[Dataset records]
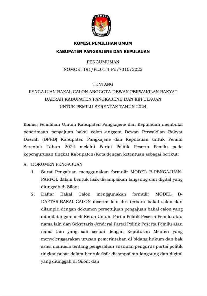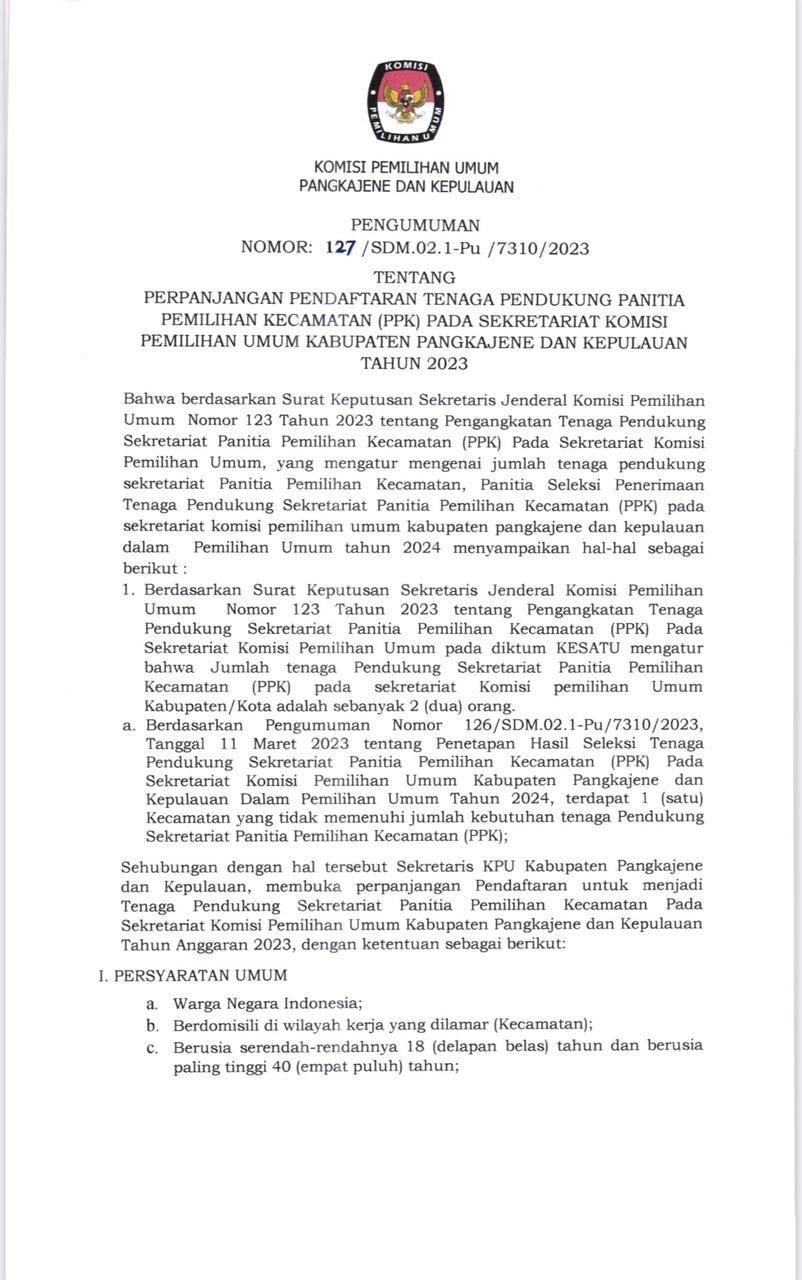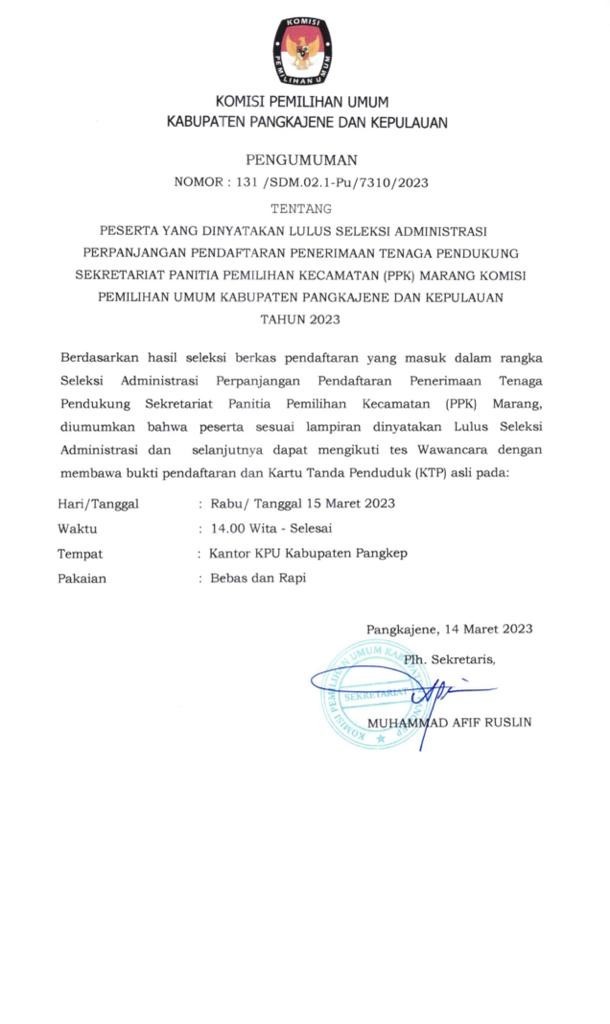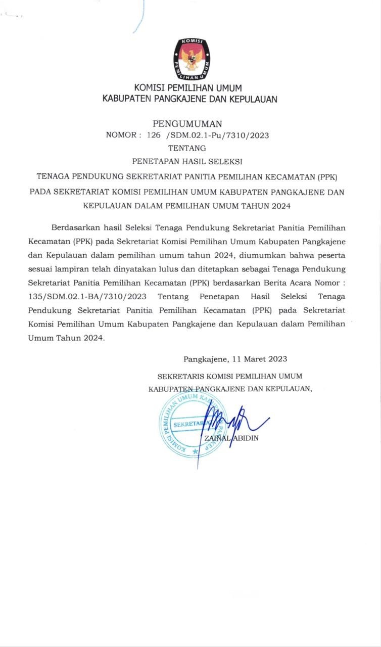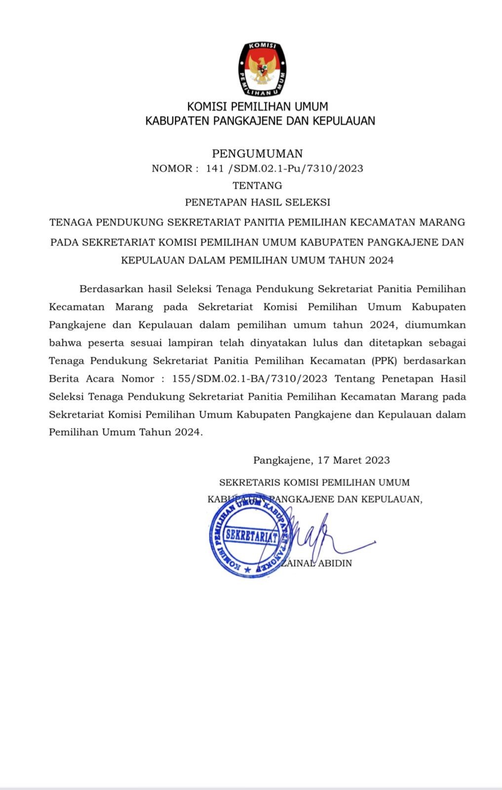 Berdasarkan hasil Seleksi Tenaga Pendukung Sekretariat Panitia Pemilihan Kecamatan Marang pada Sekretariat Komisi Pemilihan Umum Kabupaten Pangkajene dan Kepulauan dalam pemilihan umum tahun 2024, diumumkan bahwa peserta sesuai lampiran telah dinyatakan lulus dan ditetapkan sebagai Tenaga Pendukung Sekretariat Panitia Pemilihan Kecamatan (PPK), selengkapnya bisa diunduh DISINI
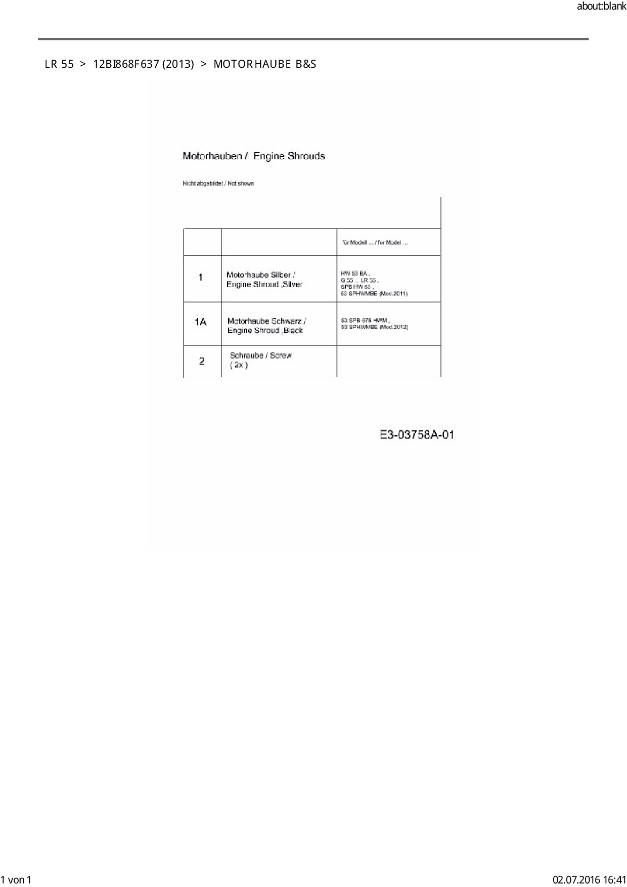 Download Ersatzteil-Zeichnung EFCO LR 55 Zeichnung Motorhaube B&S (PDF-Format)
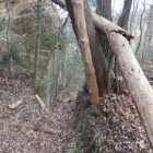 凝灰岩の採掘場で一部欠損 (2023/02/18 訪問)
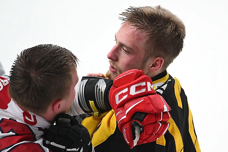 Лидеры Запада сошлись в очном матче и выдали не самую яркую игру с точки зрения счета. «Северсталь» выиграла у «Локомотива» (2:0), но главные события случились уже после сирены. Практически все находившиеся на льду хоккеисты устроили мощную потасовку за воротами Череповца. Она вылилась в драку Егора Сурина и Александра Скоренова.
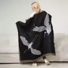 Use our battle tested marketing materials for Elegant Black Crane & Floral Japanese Knitted Cotton Blanket

— Exercise —
Give again the stretch of lines above from the one with "凝灰岩の採掘場で一部欠損 (2023/02/18 訪問)" through the one with "Лидеры Запада сошлись", both ends kept, and copy no pictures.

— Exercise output —
 凝灰岩の採掘場で一部欠損 (2023/02/18 訪問)
 Лидеры Запада сошлись в очном матче и выдали не самую яркую игру с точки зрения счета. «Северсталь» выиграла у «Локомотива» (2:0), но главные события случились уже после сирены. Практически все находившиеся на льду хоккеисты устроили мощную потасовку за воротами Череповца. Она вылилась в драку Егора Сурина и Александра Скоренова.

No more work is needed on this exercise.